Blessings for your continued strength during all of this.
 

crazymama30

Active Member
I believe you can buy drug tests at a pharmacy, at least for pot. I have heard of them out here. I do not know if you can test for other drugs. I do not know how accurate these tests are.
 

Robinboots

New Member
I am so sorry for all you have had to go through.
It must seem so surreal to have a MD refuse to order a test to help his patient. How long has it been since ds has seen the doctor?
His behaviors really sound like Meth abuse. Do you know the parents of the friends he is hanging with before he comes home acting like this? Could you contact them just to get a feel if there is anything going on with their kids?
Others have already responded with the psychiatric background that needs consideration so I won't repeat questions here.
Blessings for your continued strength during all of this.

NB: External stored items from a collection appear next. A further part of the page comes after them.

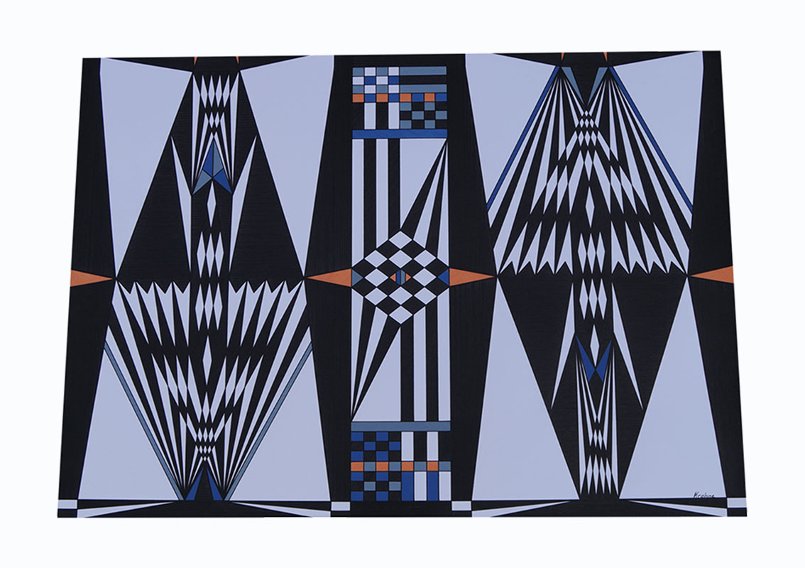 Graphisch geometrisch entwickelt Krohne seine eigene, unverwechselbare Sprache: anknüpfend an die Tradition, in der jedes Zeichen noch von Sinnhaftigkeit erfüllt war und durch Farbe, Form und Linien eine bestimmte Kraft repräsentierte, greift Krohne die grafische Lehre wieder auf, um dann einen neuen Bogen zu Spannen zu den zielen der Geometrischen Moderne.
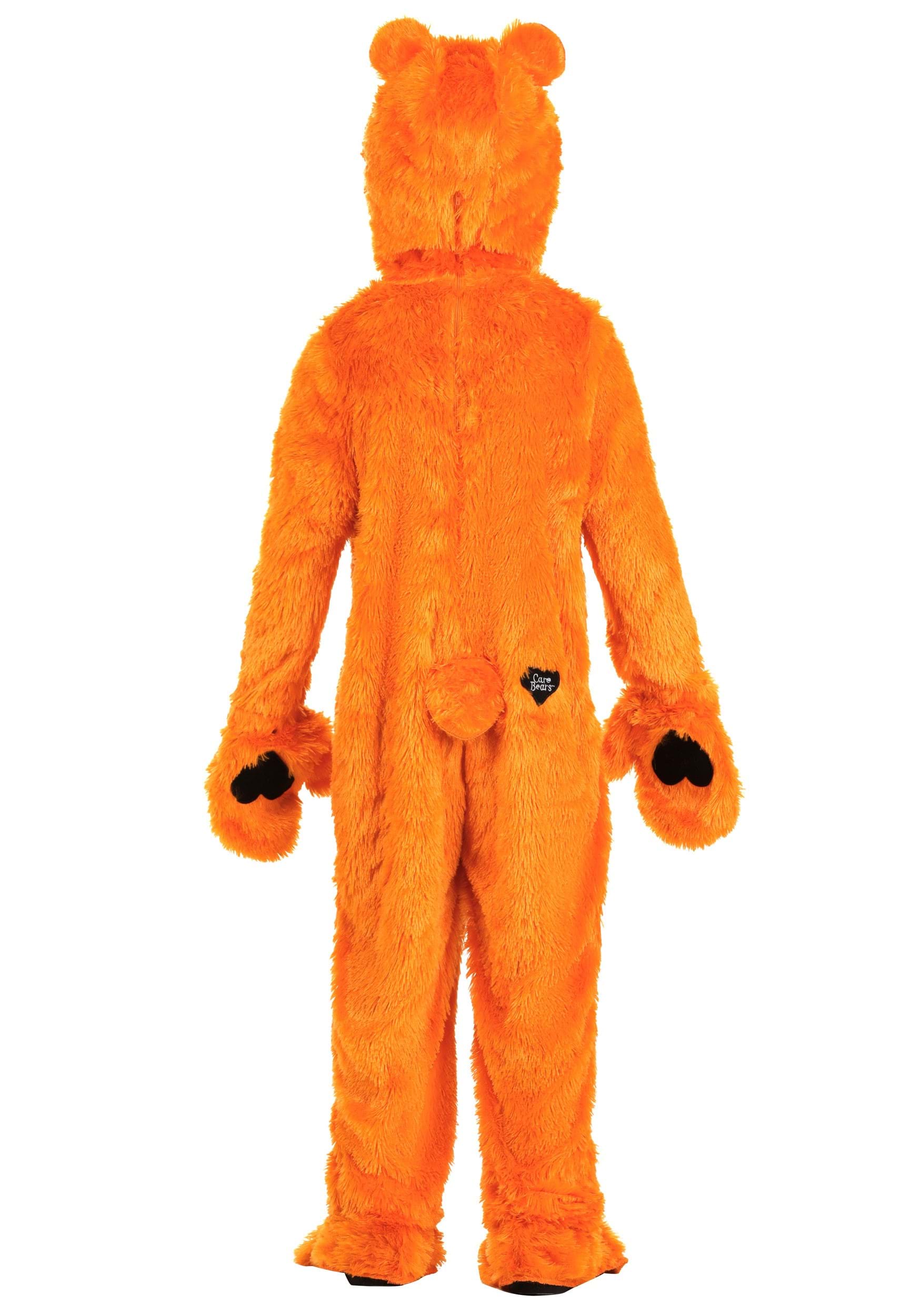 The costume is a cozy orange jumpsuit, covered in bright faux fur and featuring a back zipper for easy in and out. The tummy features an appliqued jack-o'-lantern symbol, and the Care Bears logo on the backside gives it that extra "Yep, it's official" touch.
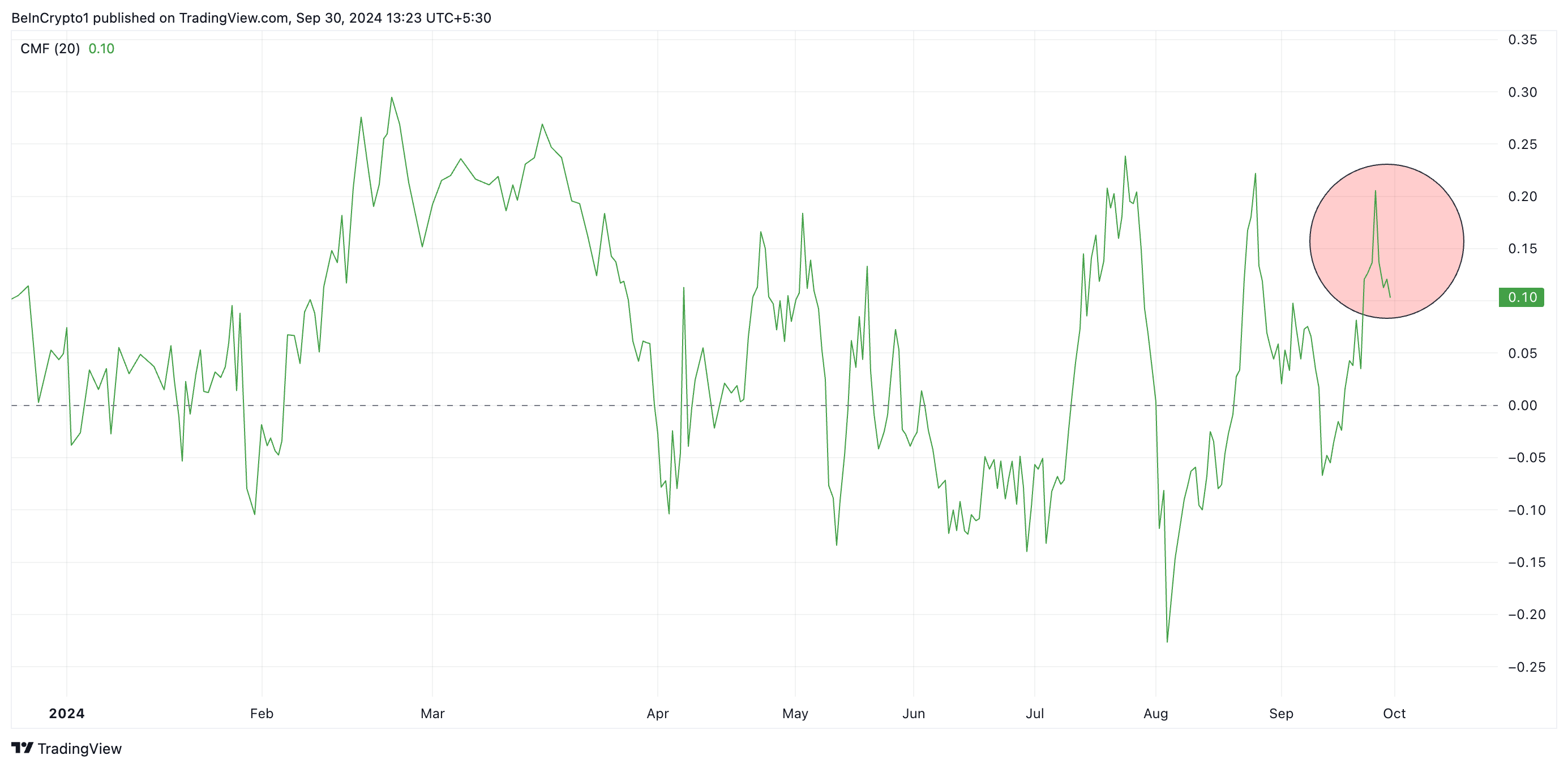 Cardanos Chaikin Money Flow (CMF) har sjunkit de senaste dagarna. CMF spårar kapitalflödet in och ut ur marknaden, och även om det fortfarande är positivt, kan dess gradvisa minskning tjäna som en varningssignal.

METH USE? ODG..... And, he saw the doctor a week or so ago for a physical. We're strongly considering military school - he's been interviewed, toured, accepted. He wanted to go, now he doesn't....
 

Green

New Member
The important thing is to try and set up a line of communication with the other parents, if possible.

I was not trying to panic you. I could me totally wrong but your description made me think about a training on Meth I had to do for work. The labs are totally easy to set up - even in the trunk of a car -and when you said his behavior changed after a day spent with his friends it seemed like a case study from the training.

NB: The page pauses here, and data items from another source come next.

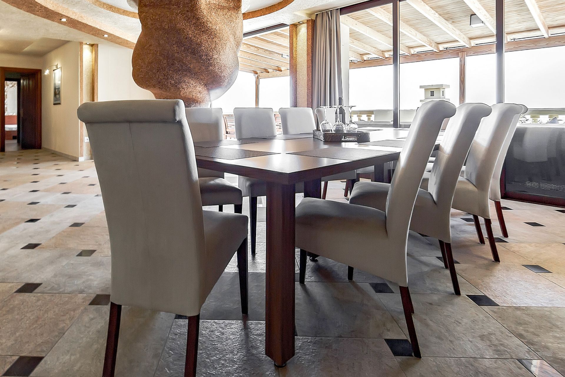 - Jadalnia z dużym stołem i wygodnymi krzesłami w jasnych kolorach zaprasza do wspólnych posiłków i spędzania czasu z bliskimi. Centralnym elementem przestrzeni jest dekoracyjna kolumna oraz designerski sufit, które nadają wnętrzu wyjątkowego charakteru.
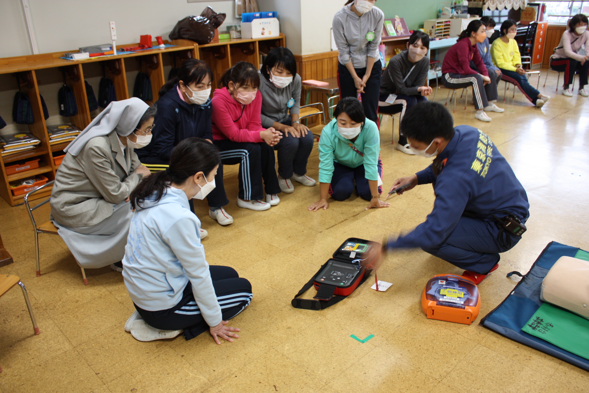 AED訓練 2022年6月14日 今日は保育後に赤羽消防署よりAED訓練の指導にいらしていただきました。 119番通報、呼吸の確認、AEDの使い方などを指導していただき、デモ機で実際にAEDを使う訓練をしました。 最後にプールでの注意や怪我の対応など丁寧に教えていただき、実りある訓練になりました。
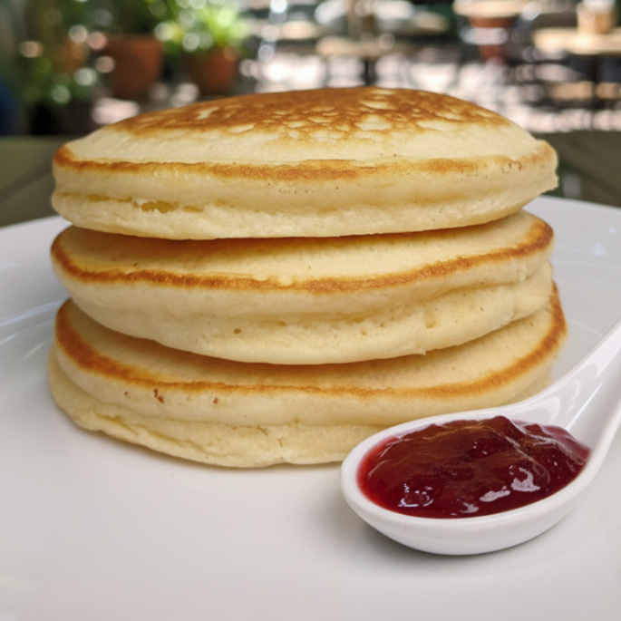 3 piezas de hot cakes con mantequilla y jarabe a elegir
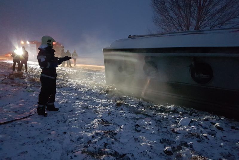 Pompierii băcăuani au intervenit în acestă dimineață, pe DN 2, în satul Dumbrava, comuna Itești, după ce o cisternă încărcată cu benzină și motorină s-a răsturnat în afara carosabilului. Salvatorii sosiți la fața locului cu două autospeciale cu apă și spumă și o ambulanță SMURD au constatat că din autocisternă sunt scurgeri de combustibil și au asigurat măsurile de prevenire și stingere a incendiilor. Pentru coordonarea acțiunilor de intervenție la fața locului s-a deplasat și grupa operativă a inspectoratului. În urma accidentului, șoferul a fost rănit ușor, a primit îngrijiri medicale de la pompierii paramedici, însă a refuzat transportul la spital.
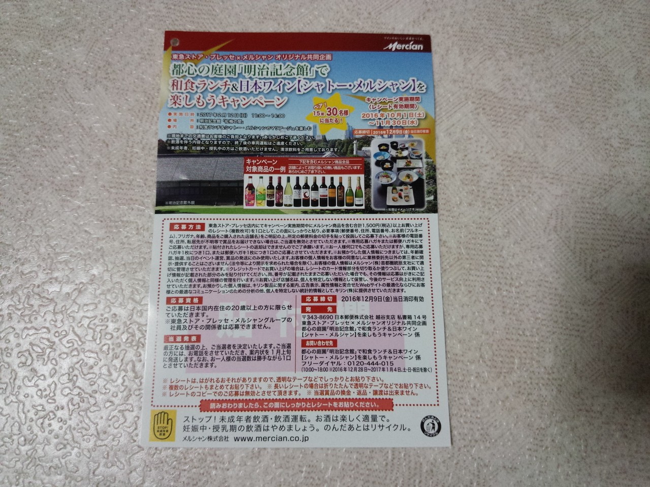 東急ストア プレッセ メルシャン 都心の庭園 明治記念館 で和食ランチ 日本ワイン シャトー メルシャン を楽しもうキャンペーン 〆切 16年12月9日 金 当日消印有効 まいにち更新 懸賞情報
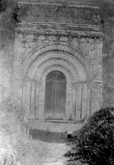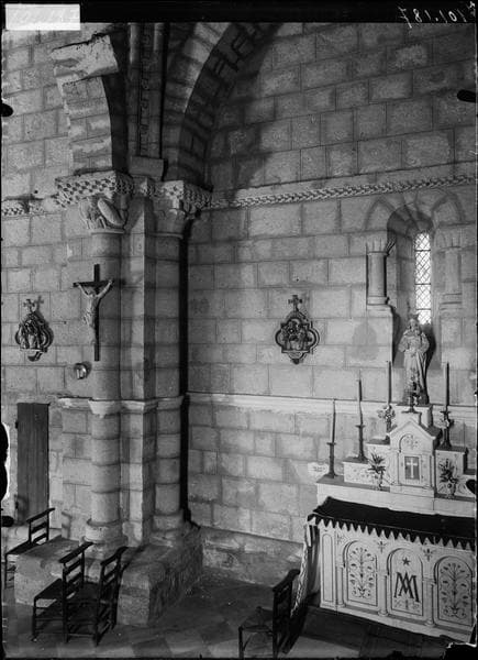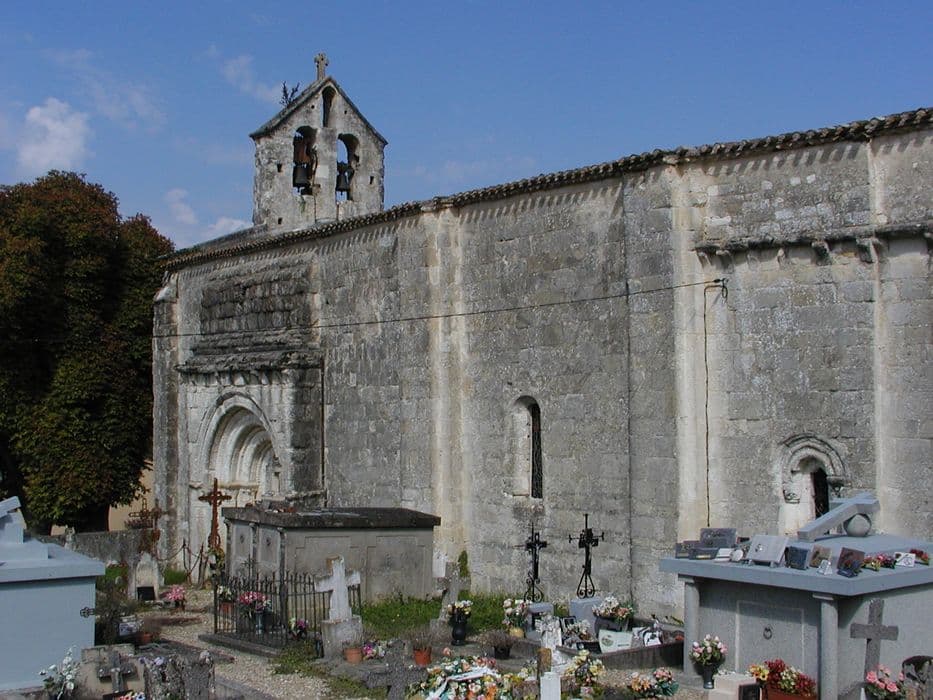 Le choeur est formé d'une abside demi-circulaire moins large que la travée de choeur qui la précède. Chaque fenêtre de choeur possède des colonnettes aux chapiteaux historiés (chute d'Adam et Eve ; adoration des mages...). L'édifice a perdu ses voûtes dont il ne reste que les retombées. La porte s'ouvre au sud dans la travée basse de la nef. Six colonnettes logées dans les retraits des piédroits soutiennent les archivoltes moulurées. L'ornementation du portail est riche. Le clocher s'élevait au-dessus de la travée carrée qui était voûtée d'ogives.
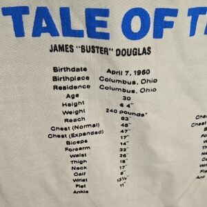 Vintage Douglas vs Holyfield graphic men's sweatshirt. Featuring a bold blue print on white background, this shirt is perfect for fans and collectors alike.

Remember to breathe. Kids also rebel against excessive authority. It could be a combination of many things and until you get some of the questions answered, you are in a tough spot.
 

BusynMember

Well-Known Member
Because I had a smiliar situation with my daughter--sudden horrible grades/behavior etc.--along with his age, I'd wonder if he's taking recreational drugs or drinking a lot. If so, no matter what is wrong with him won't get managed until THAT is under control. Have you ever done a surprise drug screen on him?
I never dreamed my daughter would take drugs. After all, we never even drank and she hid her drug use well, however her behavior spiraled out of control. I believe she has a mild mood disorder (now that she is clean), and that may have started it, but she was totally unable to help herself at all until she quit using drugs.
I'd think about it. Parents usually the last to know. I would simply tell him he tests for me or he's 100% grounded. I don't think military school is a good option if he is either mentally ill, using drugs or both. He'll probably just get thrown out and, trust me, he'll find drugs anyways.
I thought my daughter was just smoking pot. She has told me that most kids will 'fess up to pot, but not tell their parents about the other stuff they do. She also said that most HEAVY pot users are also abusing other drugs and definitely drinking--they go together. Are his friends drug users, rebels, troublemakers?